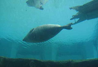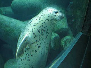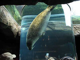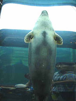 | 隅っこでじーーーっとしてたアザラシ君 | 逆さ泳ぎ中 |
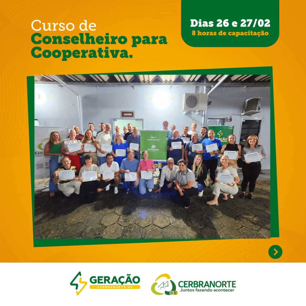 A Cerbranorte, alinhada aos seus valores de transparência e comprometimento com o crescimento coletivo, concluiu com grande êxito o Curso de Conselheiro para Cooperativa. A formação, parte integrante do regimento interno que preconiza a qualificação dos interessados em cargos eletivos, reuniu associados engajados que, sob a tutela do Sescoop, mergulharam nos princípios e práticas do cooperativismo.
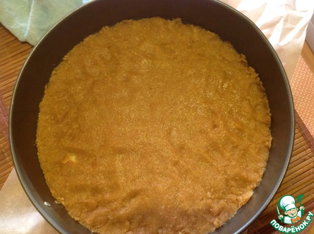 Растопить масло в микроволновке и смешать с печеньем. В форму для торта выложить печенье и разровнять ровным слоем, плотно прижимая по всей площади. Убрать в холодильник пока готовиться заливка.
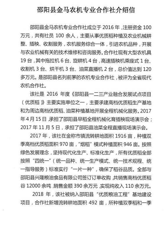 在農(nóng)機專業(yè)合作社的幫助下,當?shù)剞r(nóng)業(yè)生產(chǎn)過程的機械化程度非常高。邵陽縣金馬農(nóng)機專業(yè)合作社,位于邵陽縣金稱市鎮(zhèn)石馬村,主要提供組織農(nóng)業(yè)機械耕整、插秧、收割服務,大大提高了當?shù)氐姆N植和生產(chǎn)效率。
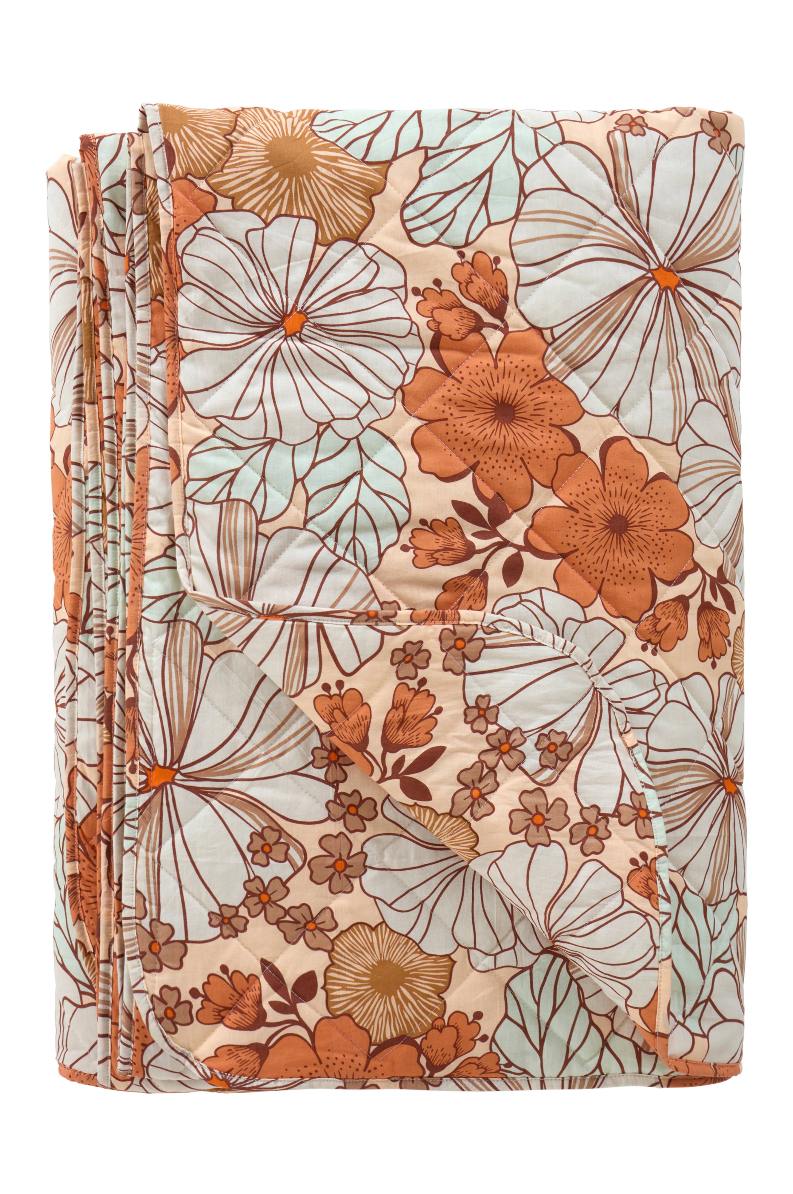 Sengeteppe i fin, tettvevd bomullskvalitet. Stoffet har et nydelig blomstermønster i fine farger, og det er quiltet slik at det lette fyllet holder seg på plass. Det er også enzymvasket, noe som gir en behagelig mykhet og en litt slitt følelse. Sengeteppet er vendbart med blomster på begge sider og kant rundt.
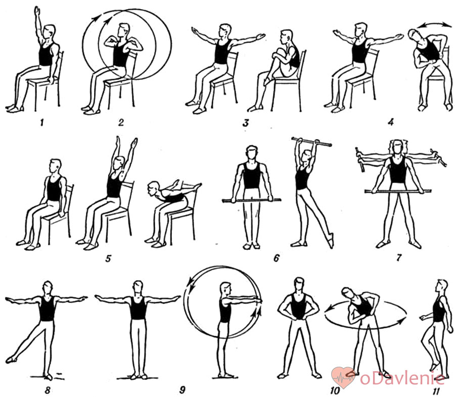 Ежедневные физические занятия при высоком АД обычно выполняются сидя или лежа. Некоторые, редкие движения выполняются стоя.
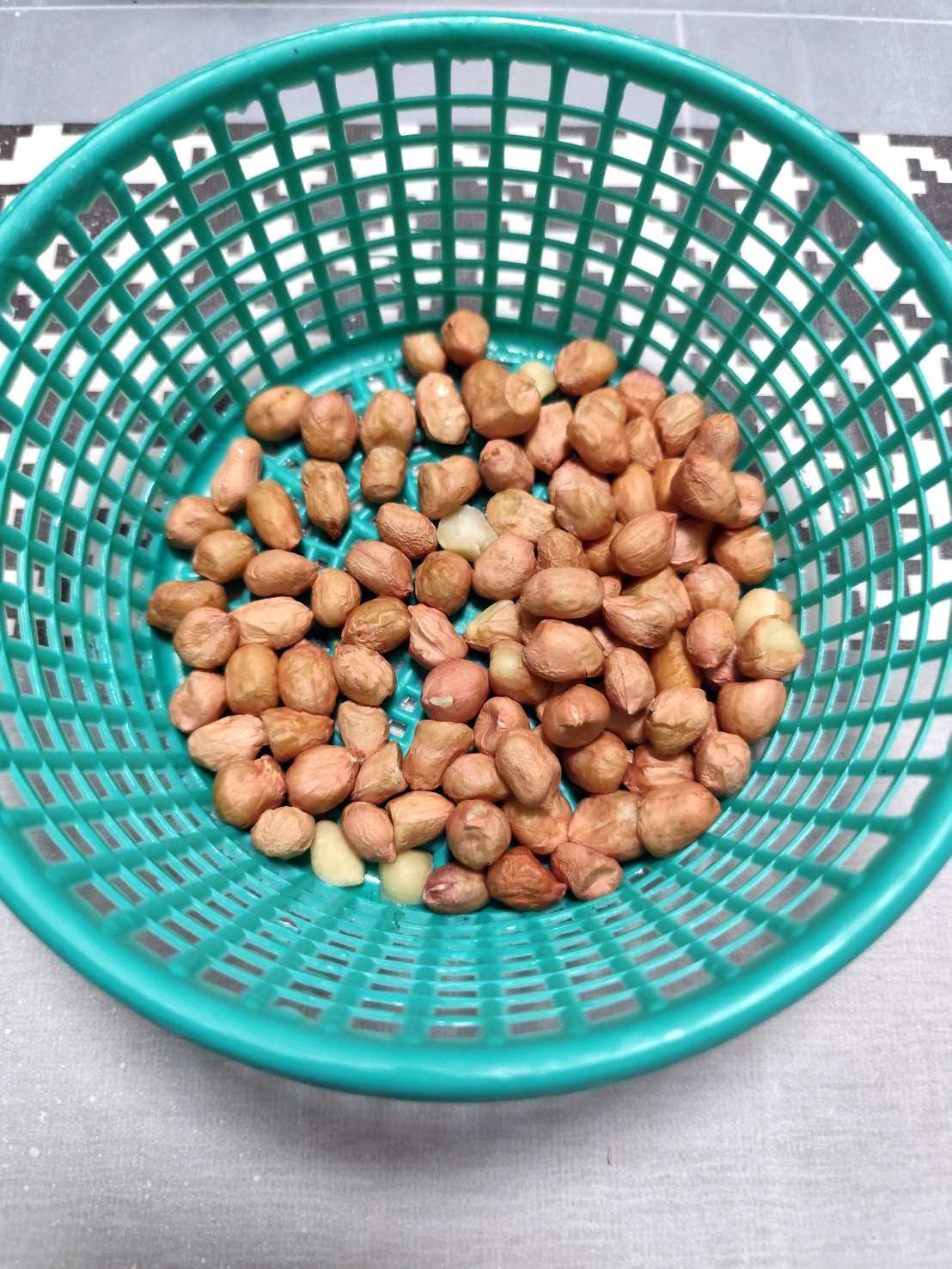 ถั่วลิสง เอาไปแช่น้ำไม่ต้องนานมาก แล้วเทน้ำออก
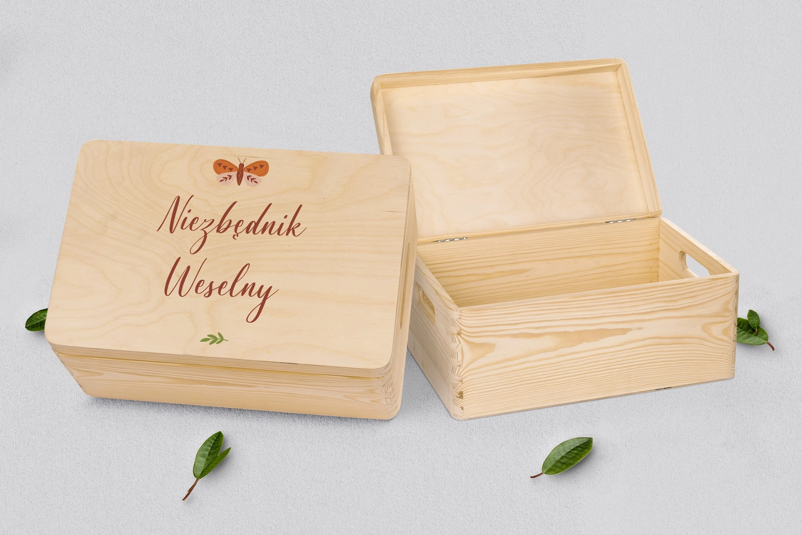 Drewniany koszyczek ratunkowy w kolorze naturalnym z pięknym grawerem w różnych stylach. Solidnie i dokładnie wykonane. Bez problemu pomieści najpotrzebniejsze przedmioty, które mogą przydać się Waszym gościom na weselu. Pudełko można dowolnie spersonalizować własnymi imionami lub dowolnymi napisami. Kolor naturalny doskonale wpasuje się w każde wesele.
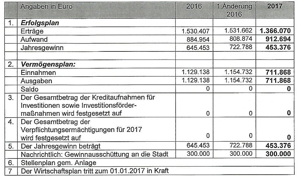 Der Wirtschaftsplan soll im nächsten Jahr fast einen Gewinn von einer halben Million Euro bringen.

== == ==

WORK ORDER. Write out only the lines from the one that contains "Ежедневные физические занятия" through the last line of the records above, both included, word for word and without the pictures.

ANSWER SPACE.
 Ежедневные физические занятия при высоком АД обычно выполняются сидя или лежа. Некоторые, редкие движения выполняются стоя.
 ถั่วลิสง เอาไปแช่น้ำไม่ต้องนานมาก แล้วเทน้ำออก
 Drewniany koszyczek ratunkowy w kolorze naturalnym z pięknym grawerem w różnych stylach. Solidnie i dokładnie wykonane. Bez problemu pomieści najpotrzebniejsze przedmioty, które mogą przydać się Waszym gościom na weselu. Pudełko można dowolnie spersonalizować własnymi imionami lub dowolnymi napisami. Kolor naturalny doskonale wpasuje się w każde wesele.
 Der Wirtschaftsplan soll im nächsten Jahr fast einen Gewinn von einer halben Million Euro bringen.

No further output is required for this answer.